> Try it
Since pictures are not wanted, repeat only the text of the records, word for word.

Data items
=== Section Start ===

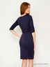 Платье с рукавами 3/4 и округлым вырезом горловины с вырезом. Модель приталенного кроя выполнена из качественного материала привлекательной расцветки. На спине застежка на молнию. Шлица сзади.
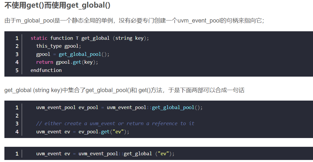 其实这两种做法的结果都是一样的,都是在uvm_event_pool::m_global_pool这个静态全局单例中的创建了一个uvm_event对象,并存放在关联数组uvm_event_pool::m_global_pool.pool[string]中,索引就是get or get_global ()的参数, 如果这个字符串索引已经存在,那么就返回这个pool[string]句柄。
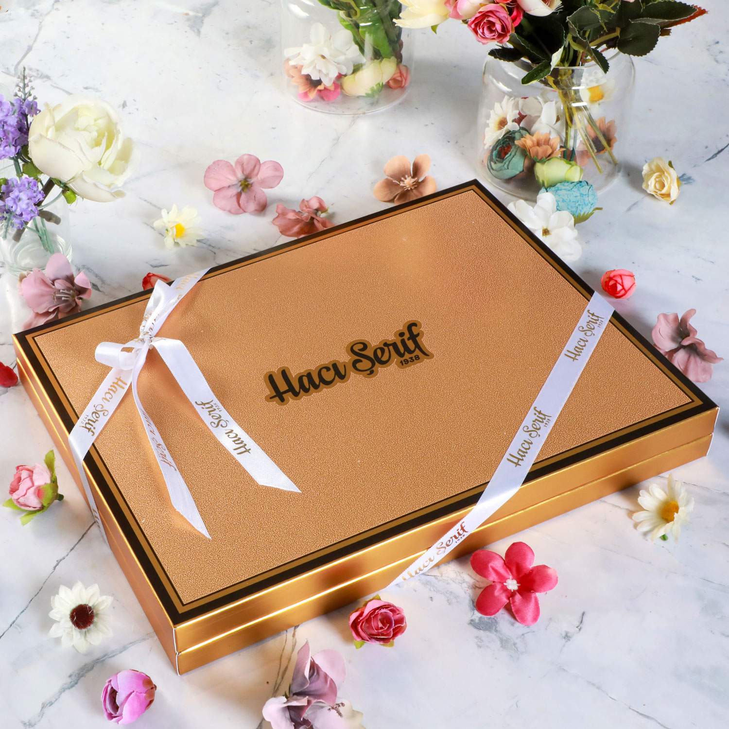 Altın renkli hediye kutusunda, aynı renkli çantasında ve kurdele yapılarak gönderilmektedir.
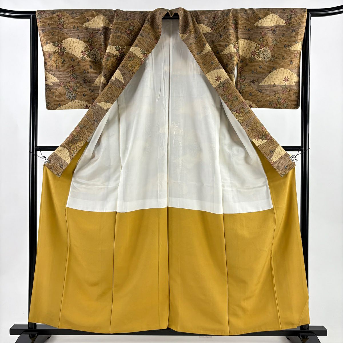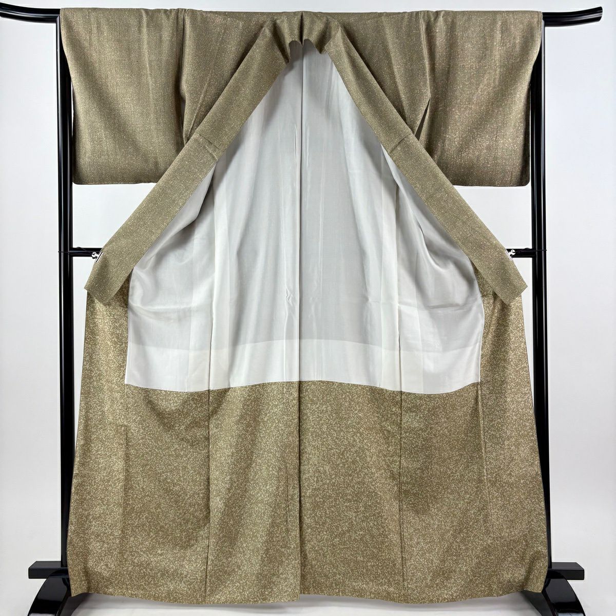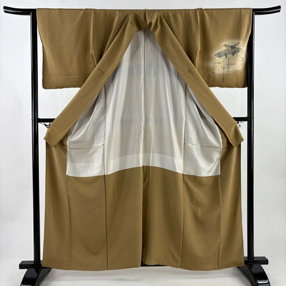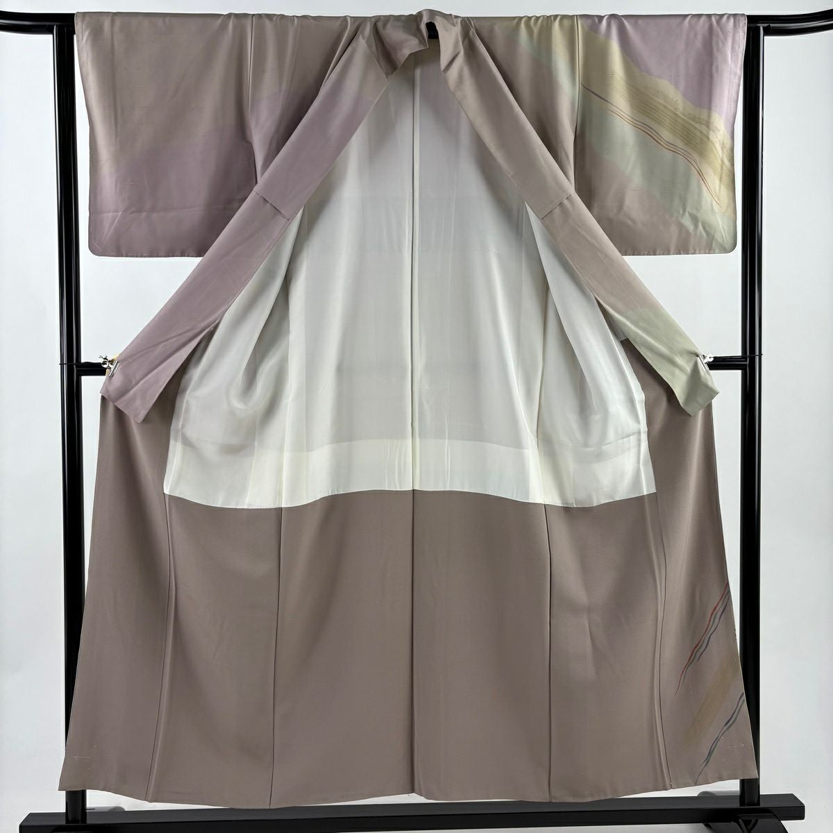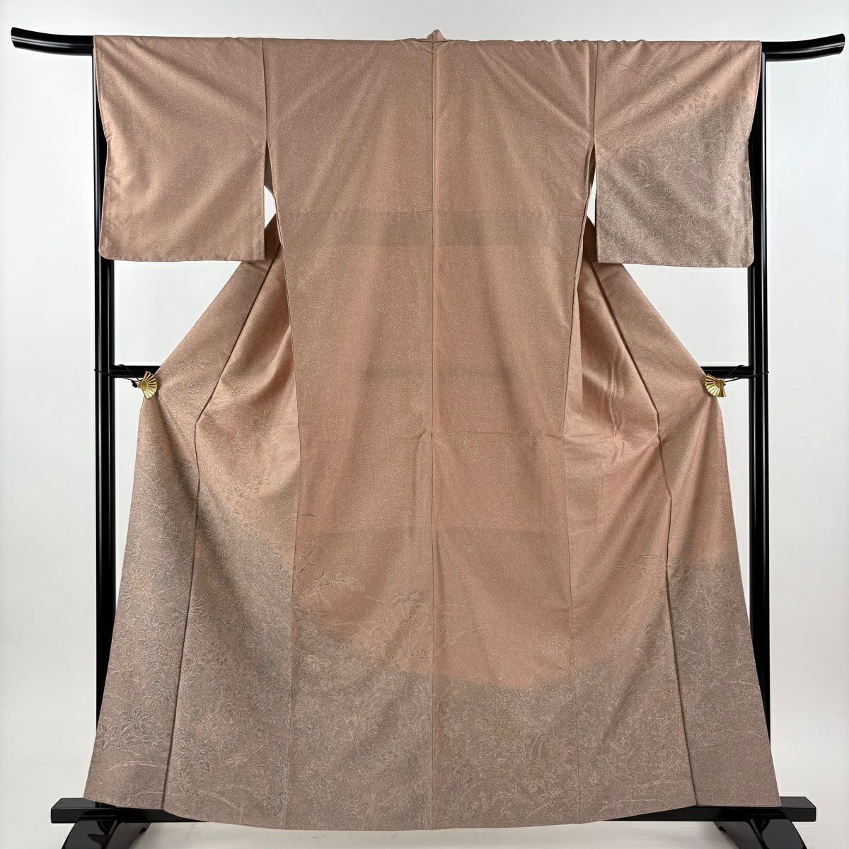 訪問着 身丈164.5cm 裄丈64cm M 袷 落款あり 草花 流水 金銀彩 ぼかし ベージュ 正絹 秀品
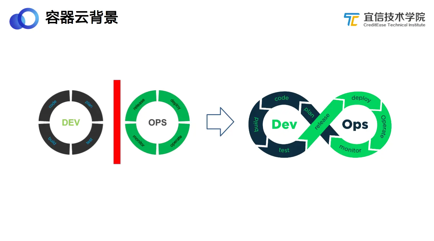 - DevOps整合。DevOps和敏捷开发的理论已经提出很多年了,为什么DevOps一直没有得到很好的推进和实践呢?因为缺乏一种工具把Dev和Ops联系起来,而容器的诞生很好地解决了这个问题。开发人员在开发完代码并完成测试以后,可以拿着测试的产物直接到生产环境部署上线,而部署的问题可以直接反馈给开发,形成闭环。也就是说,通过容器的方式,可以实现一次构建多次运行。由此可见,通过容器的方式实现DevOps是最佳的方案,企业亟需一套成熟的平台帮助开发和运维人员保持各个环境的一致性和快速发布、快速回滚。
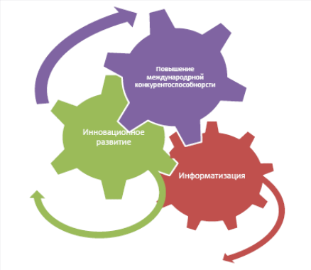 В результате «встречного движения» «колесиков» ИКТ-сектора, инновационного развития, повышения МКСП создается ситуация, при которой МКСП страны зависит от инновационного развития и построения ИО, а те, в свою очередь, - от повышения МКСП. Все три процесса «спаяны» в неразрывное единство общей нацеленностью на повышение благосостояния страны. Утеря любого из «звеньев» этого единства влечет за собой нарушение всей целостности.
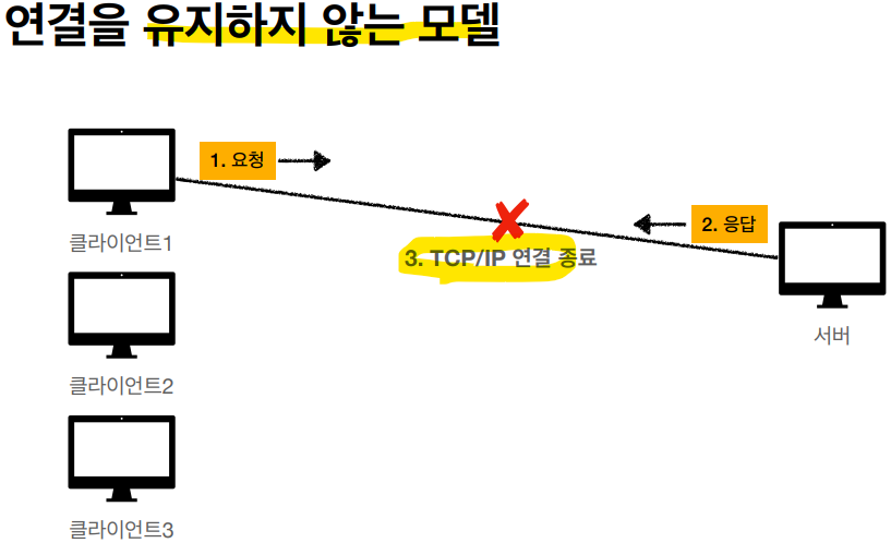 서버가 연결 유지X > 연결유지하는데 필요한 자원 아낄수 있음

=== Section End ===

> Answer to this exercise
 Платье с рукавами 3/4 и округлым вырезом горловины с вырезом. Модель приталенного кроя выполнена из качественного материала привлекательной расцветки. На спине застежка на молнию. Шлица сзади.
 其实这两种做法的结果都是一样的,都是在uvm_event_pool::m_global_pool这个静态全局单例中的创建了一个uvm_event对象,并存放在关联数组uvm_event_pool::m_global_pool.pool[string]中,索引就是get or get_global ()的参数, 如果这个字符串索引已经存在,那么就返回这个pool[string]句柄。
 Altın renkli hediye kutusunda, aynı renkli çantasında ve kurdele yapılarak gönderilmektedir.
 訪問着 身丈164.5cm 裄丈64cm M 袷 落款あり 草花 流水 金銀彩 ぼかし ベージュ 正絹 秀品
 - DevOps整合。DevOps和敏捷开发的理论已经提出很多年了,为什么DevOps一直没有得到很好的推进和实践呢?因为缺乏一种工具把Dev和Ops联系起来,而容器的诞生很好地解决了这个问题。开发人员在开发完代码并完成测试以后,可以拿着测试的产物直接到生产环境部署上线,而部署的问题可以直接反馈给开发,形成闭环。也就是说,通过容器的方式,可以实现一次构建多次运行。由此可见,通过容器的方式实现DevOps是最佳的方案,企业亟需一套成熟的平台帮助开发和运维人员保持各个环境的一致性和快速发布、快速回滚。
 В результате «встречного движения» «колесиков» ИКТ-сектора, инновационного развития, повышения МКСП создается ситуация, при которой МКСП страны зависит от инновационного развития и построения ИО, а те, в свою очередь, - от повышения МКСП. Все три процесса «спаяны» в неразрывное единство общей нацеленностью на повышение благосостояния страны. Утеря любого из «звеньев» этого единства влечет за собой нарушение всей целостности.
 서버가 연결 유지X > 연결유지하는데 필요한 자원 아낄수 있음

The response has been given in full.